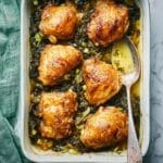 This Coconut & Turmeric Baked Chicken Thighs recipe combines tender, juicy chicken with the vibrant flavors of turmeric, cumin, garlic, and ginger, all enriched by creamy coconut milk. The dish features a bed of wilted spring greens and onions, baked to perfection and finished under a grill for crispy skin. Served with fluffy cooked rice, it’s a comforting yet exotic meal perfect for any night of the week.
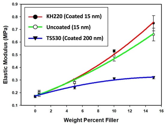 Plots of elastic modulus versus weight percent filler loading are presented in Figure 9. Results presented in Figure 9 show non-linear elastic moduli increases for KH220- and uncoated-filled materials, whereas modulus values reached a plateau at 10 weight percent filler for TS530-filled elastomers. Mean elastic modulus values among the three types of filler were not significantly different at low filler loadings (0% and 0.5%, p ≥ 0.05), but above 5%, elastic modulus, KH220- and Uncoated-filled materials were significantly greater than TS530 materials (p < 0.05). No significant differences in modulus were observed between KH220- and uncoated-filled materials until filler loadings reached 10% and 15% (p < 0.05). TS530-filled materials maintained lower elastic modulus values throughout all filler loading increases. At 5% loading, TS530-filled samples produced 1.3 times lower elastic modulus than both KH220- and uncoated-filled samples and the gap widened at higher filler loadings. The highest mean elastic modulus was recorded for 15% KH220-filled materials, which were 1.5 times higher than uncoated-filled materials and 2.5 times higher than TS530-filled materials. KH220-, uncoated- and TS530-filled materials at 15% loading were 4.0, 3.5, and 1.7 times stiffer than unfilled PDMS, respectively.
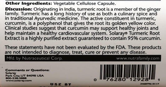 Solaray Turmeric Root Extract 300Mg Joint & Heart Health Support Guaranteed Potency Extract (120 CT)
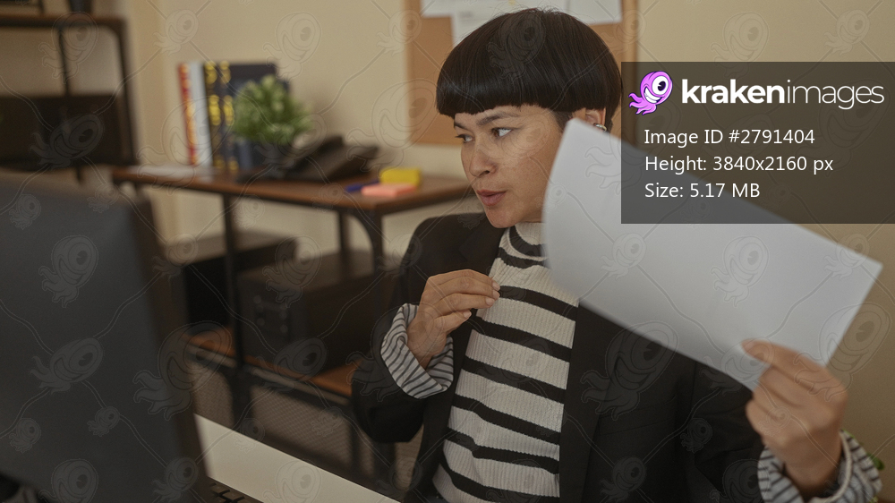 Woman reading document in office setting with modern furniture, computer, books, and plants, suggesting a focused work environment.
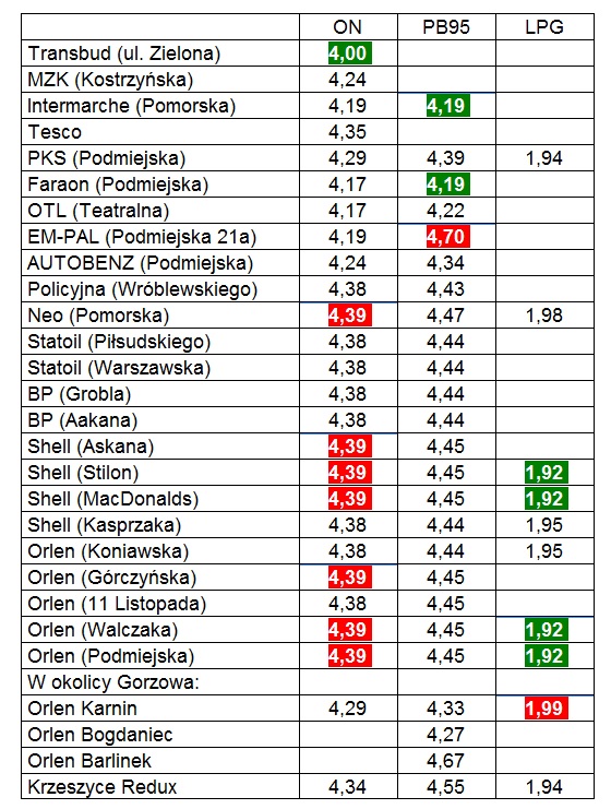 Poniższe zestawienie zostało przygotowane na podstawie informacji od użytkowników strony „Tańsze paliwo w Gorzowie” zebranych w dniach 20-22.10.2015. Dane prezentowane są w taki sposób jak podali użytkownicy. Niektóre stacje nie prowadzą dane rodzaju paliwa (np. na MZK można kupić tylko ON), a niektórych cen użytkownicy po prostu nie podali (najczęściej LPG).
*****
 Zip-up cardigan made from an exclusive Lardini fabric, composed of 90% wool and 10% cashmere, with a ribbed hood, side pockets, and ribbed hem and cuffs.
*****
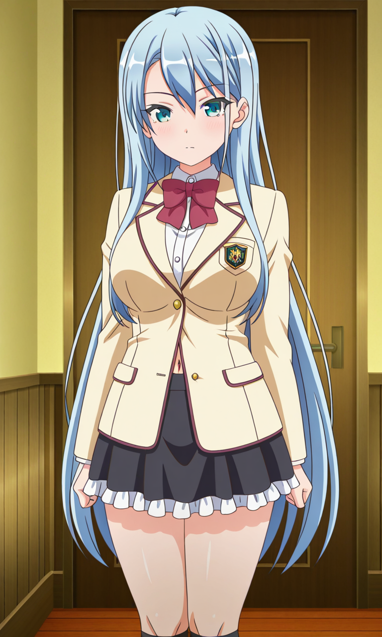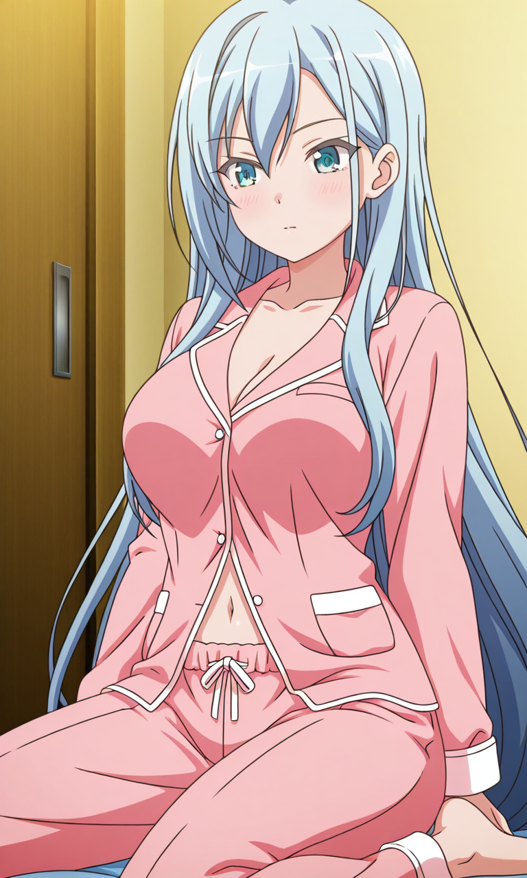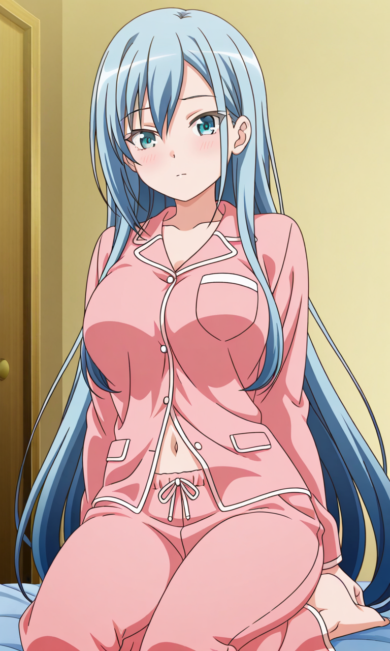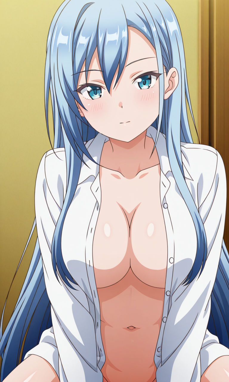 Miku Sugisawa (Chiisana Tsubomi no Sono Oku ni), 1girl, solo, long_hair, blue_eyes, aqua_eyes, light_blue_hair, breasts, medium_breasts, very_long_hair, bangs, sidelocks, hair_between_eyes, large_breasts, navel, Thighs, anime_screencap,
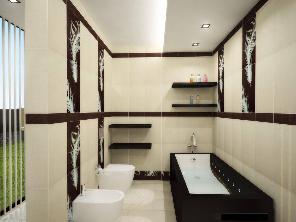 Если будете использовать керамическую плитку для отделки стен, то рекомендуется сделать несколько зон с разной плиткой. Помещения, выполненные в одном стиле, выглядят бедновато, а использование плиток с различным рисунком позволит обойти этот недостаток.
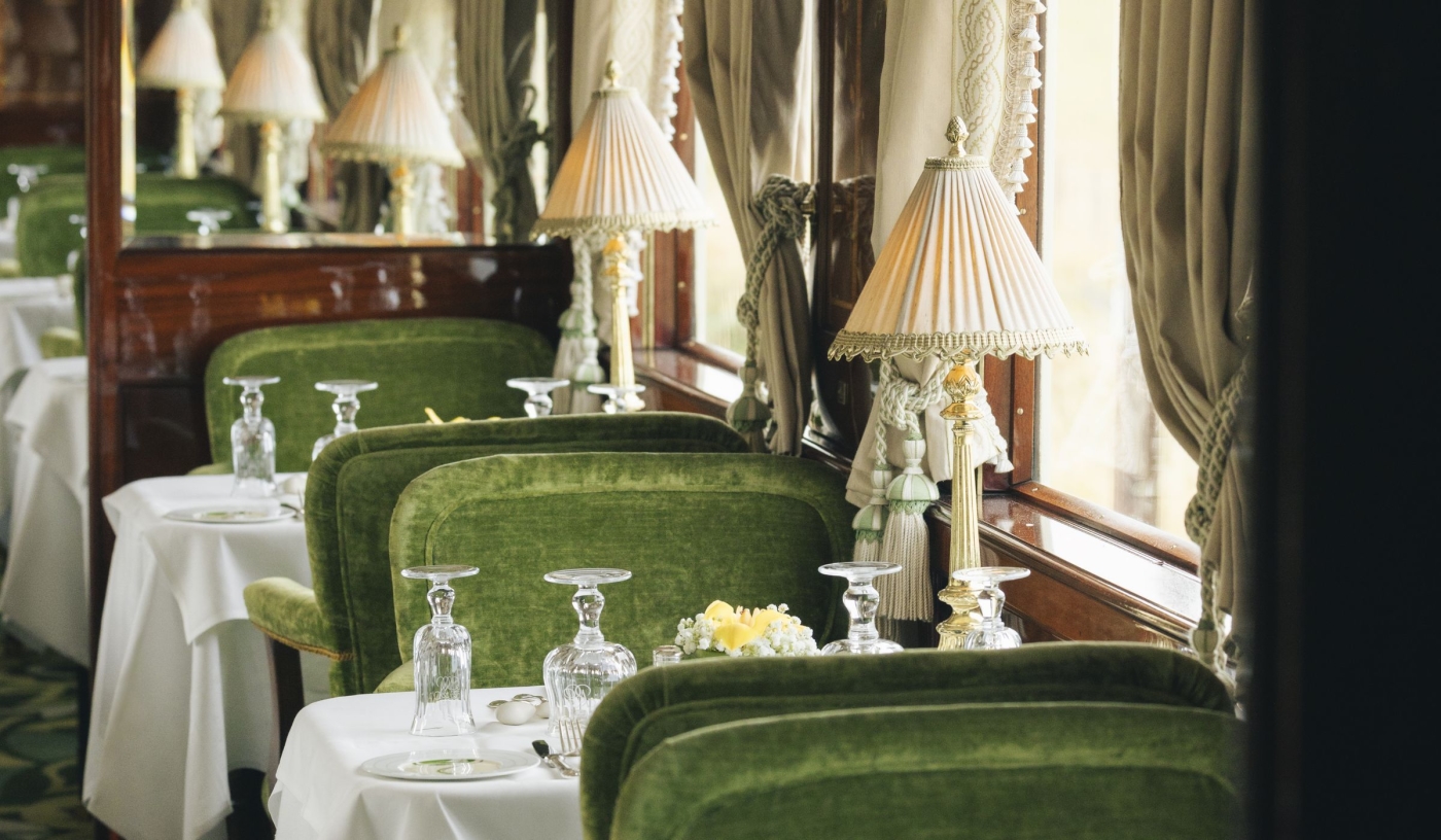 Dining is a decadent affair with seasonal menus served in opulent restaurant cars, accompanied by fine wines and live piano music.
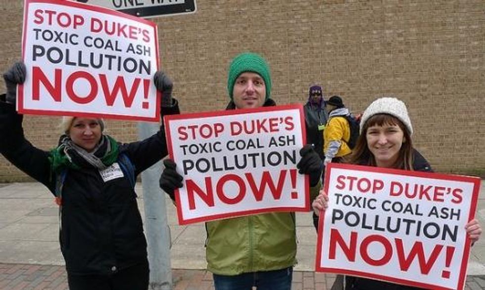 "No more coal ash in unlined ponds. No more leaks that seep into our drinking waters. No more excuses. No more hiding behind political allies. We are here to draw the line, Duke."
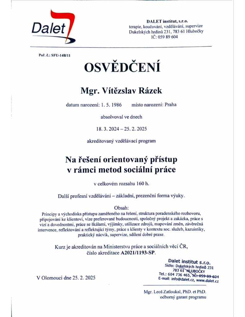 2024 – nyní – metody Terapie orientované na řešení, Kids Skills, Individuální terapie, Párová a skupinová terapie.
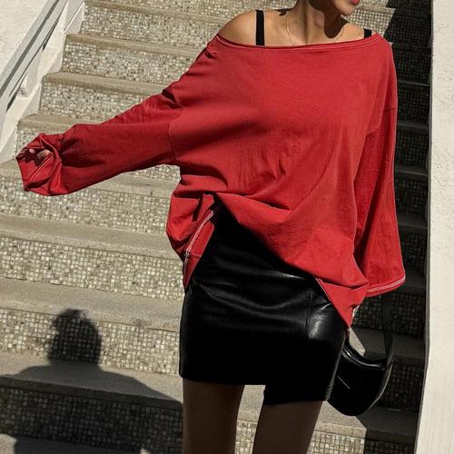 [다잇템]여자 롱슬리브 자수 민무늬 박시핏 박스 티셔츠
*****
Try it: Print everything from the line with "This Coconut &" down to the line with "Woman reading document" in the entries above, both lines included and nothing more, without the pictures.

Result of this exercise:
 This Coconut & Turmeric Baked Chicken Thighs recipe combines tender, juicy chicken with the vibrant flavors of turmeric, cumin, garlic, and ginger, all enriched by creamy coconut milk. The dish features a bed of wilted spring greens and onions, baked to perfection and finished under a grill for crispy skin. Served with fluffy cooked rice, it’s a comforting yet exotic meal perfect for any night of the week.
 Plots of elastic modulus versus weight percent filler loading are presented in Figure 9. Results presented in Figure 9 show non-linear elastic moduli increases for KH220- and uncoated-filled materials, whereas modulus values reached a plateau at 10 weight percent filler for TS530-filled elastomers. Mean elastic modulus values among the three types of filler were not significantly different at low filler loadings (0% and 0.5%, p ≥ 0.05), but above 5%, elastic modulus, KH220- and Uncoated-filled materials were significantly greater than TS530 materials (p < 0.05). No significant differences in modulus were observed between KH220- and uncoated-filled materials until filler loadings reached 10% and 15% (p < 0.05). TS530-filled materials maintained lower elastic modulus values throughout all filler loading increases. At 5% loading, TS530-filled samples produced 1.3 times lower elastic modulus than both KH220- and uncoated-filled samples and the gap widened at higher filler loadings. The highest mean elastic modulus was recorded for 15% KH220-filled materials, which were 1.5 times higher than uncoated-filled materials and 2.5 times higher than TS530-filled materials. KH220-, uncoated- and TS530-filled materials at 15% loading were 4.0, 3.5, and 1.7 times stiffer than unfilled PDMS, respectively.
 Solaray Turmeric Root Extract 300Mg Joint & Heart Health Support Guaranteed Potency Extract (120 CT)
 Woman reading document in office setting with modern furniture, computer, books, and plants, suggesting a focused work environment.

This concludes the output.